### Provided data

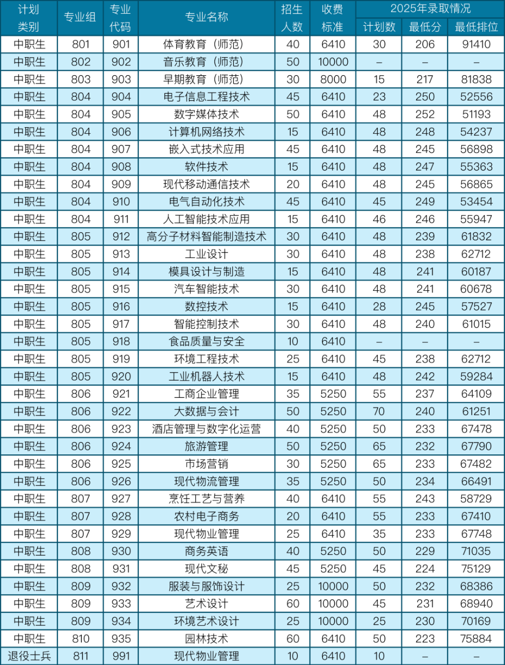 OCR:IMG:计划专业招生收费2025年录取情况专业组专业名称类别代码人数标准计划数最低分最低排位中职生801901体育教育(师范)4064103020691410中职生802902音乐教育(师范)5010000--中职生803903早期教育(师范)3080001521781838中职生804904电子信息工程技术4564102325052556中职生804905数字媒体技术5064104825251193中职生804906计算机网络技术1564104824854237中职生804907嵌入式技术应用4564104824556898中职生804908软件技术1564104824755363中职生804606现代移动通信技术2064104824556865中职生804910电气自动化技术4564104524953454中职生804911人工智能技术应用1564104624655947中职生805912高分子材料智能制造技术3064104823961832中职生805913工业设计3064104823862712中职生805914模具设计与制造1564104824160187中职生805915汽车智能技术3064104824160678中职生805916数控技术1564102824557527中职生805917智能控制技术3064104824061015中职生805918食品质量与安全106410---中职生805919环境工程技术2564104523862712中职生805920工业机器人技术1564104824259284中职生806921工商企业管理3552505523764109中职生806922大数据与会计5052507024061251中职生806923酒店管理与数字化运营4052505023367478中职生806924旅游管理5052506523267790中职生806925市场营销3052506523367482中职生806926现代物流管理3552505023466491中职生807927烹饪工艺与营养4064105524358729中职生807928农村电子商务2064105523367410中职生807929现代物业管理2564103523367748中职生808930商务英语4052505022971035中职生808931现代文秘4552504522475129中职生809932服装与服饰设计25100005023268386中职生809933艺术设计60100004523168940中职生809934环境艺术设计25100002523070169中职生810935园林技术6064105022375884退役士兵811991现代物业管理10641010-
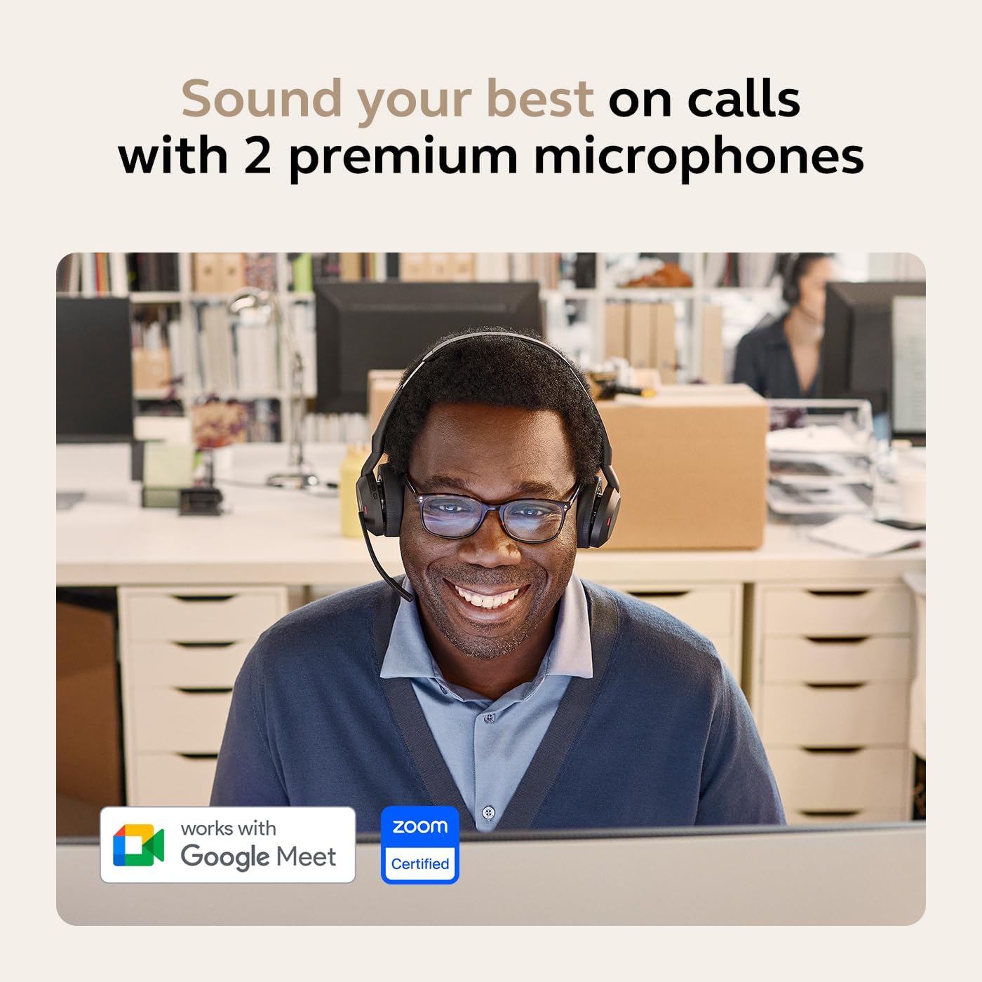 - Im Lieferumfang enthalten: 1x Jabra Evolve2 55 schnurloses Stereo Bluetooth-Headset mit Ladestation, Link 380 USB-C Bluetooth-Adapter, USB-C-Kabel und Trageetui, Gewicht: 130 g, Farbe: Schwarz
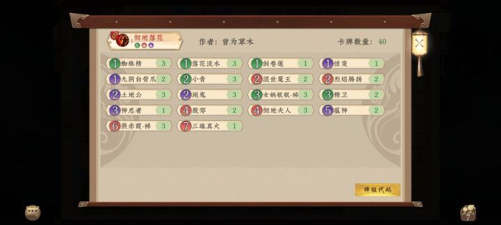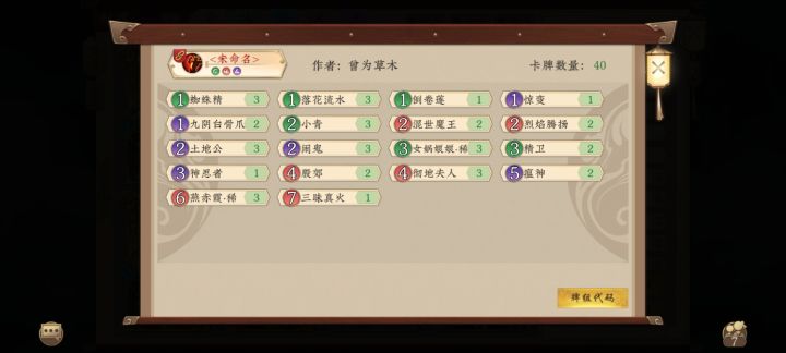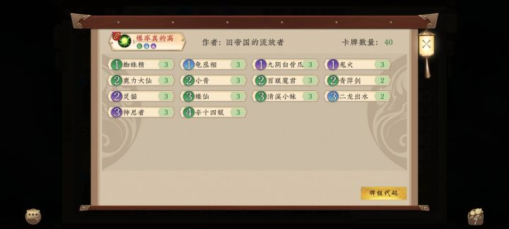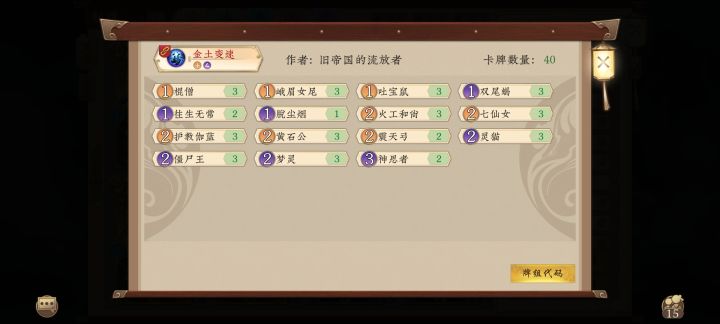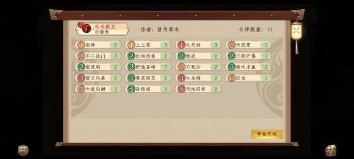 门派金山寺斩杀组件是木系1费的猪油秘技配合土系6费的邪心剑仙和1费的门派技能回血。前期靠木系堆修为,小青,雾里探花,青龙,香妃,枯荣诀。过牌方面就是土系的黑猫,神思者,九阴白骨爪。草头神如果能复制邪剑仙,就可以大大提供伤害,门派技能回13,两个邪剑仙就能对敌人造成26的伤害(前提是你修为上去了)很多卡我没有,所以做不出来,发不了代码。这是个娱乐打法毫无强度可言(毕竟修为很难堆到那么高,堆到那么
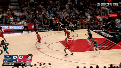 此后鹈鹕通过多次空接配合与反击将比分拉开。第二节还剩2分49秒至还剩1分10秒时,卡马拉和阿夫迪亚连续在外线发炮,将比分从60:54追至62:60,阿夫迪亚在还剩1分10秒时命中追近三分。
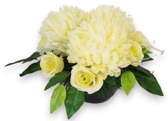 Kompozycje nagrobne z obciążeniem z wysokiej jakości sztucznych kwiatów i roślin.
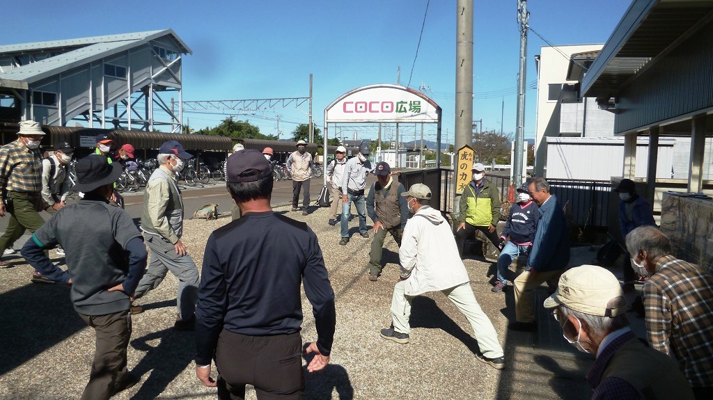 ・JR北陸線「高月駅東口」に集合 快晴 会長挨拶、コース案内、準備体操。
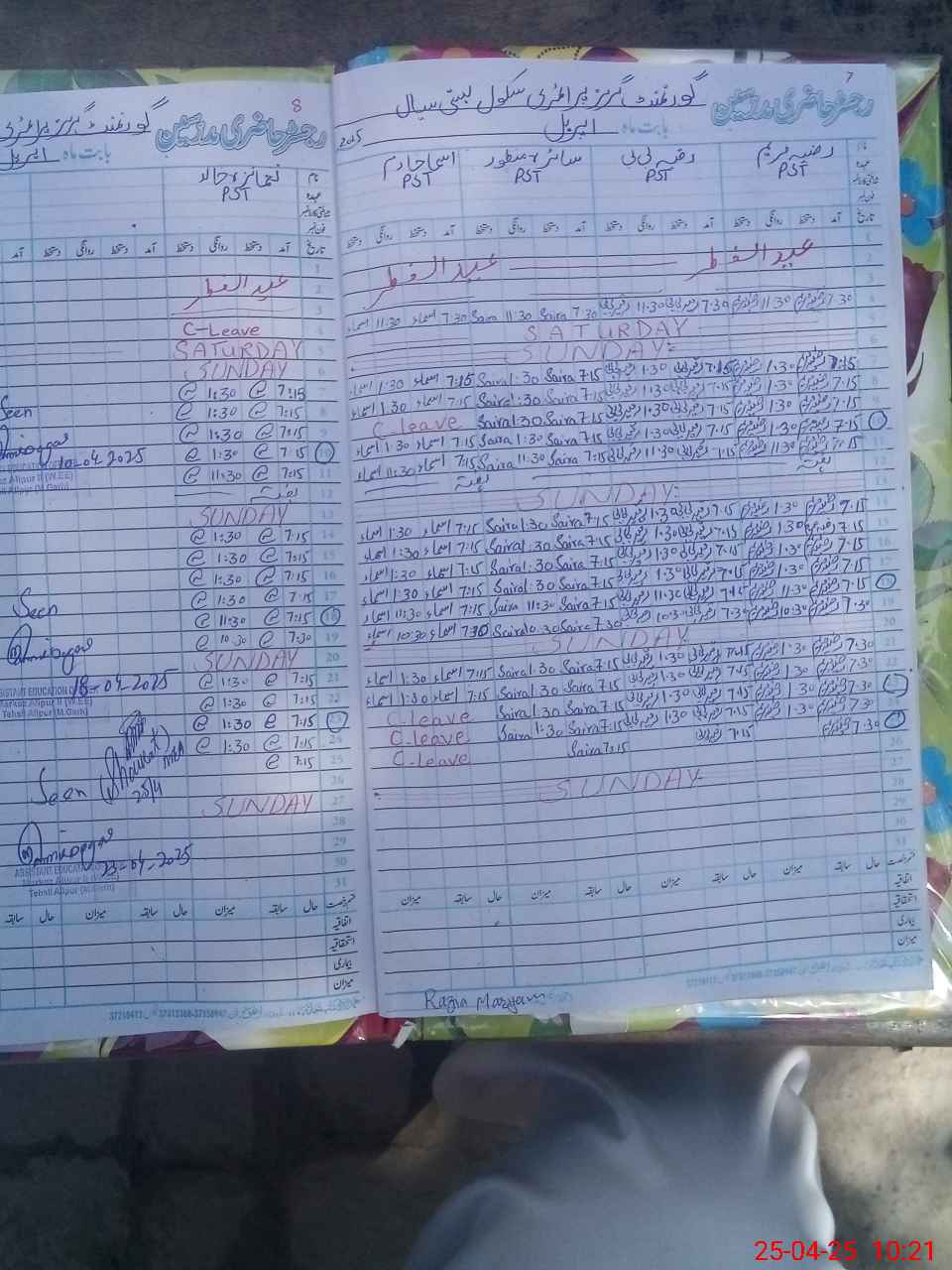 | Name: RA**** MA**** Designation: (School Headmaster's/Headmistress's) PST Phone/Cell Number: 03**** |

######

Exercise brief: Between and including the line above that contains "门派金山寺斩杀组件是木系1费" and the line that contains "此后鹈鹕通过多次空接配合与反", restate every line word for word. Pictures stay out.

Answer to this exercise:
 门派金山寺斩杀组件是木系1费的猪油秘技配合土系6费的邪心剑仙和1费的门派技能回血。前期靠木系堆修为,小青,雾里探花,青龙,香妃,枯荣诀。过牌方面就是土系的黑猫,神思者,九阴白骨爪。草头神如果能复制邪剑仙,就可以大大提供伤害,门派技能回13,两个邪剑仙就能对敌人造成26的伤害(前提是你修为上去了)很多卡我没有,所以做不出来,发不了代码。这是个娱乐打法毫无强度可言(毕竟修为很难堆到那么高,堆到那么
 此后鹈鹕通过多次空接配合与反击将比分拉开。第二节还剩2分49秒至还剩1分10秒时,卡马拉和阿夫迪亚连续在外线发炮,将比分从60:54追至62:60,阿夫迪亚在还剩1分10秒时命中追近三分。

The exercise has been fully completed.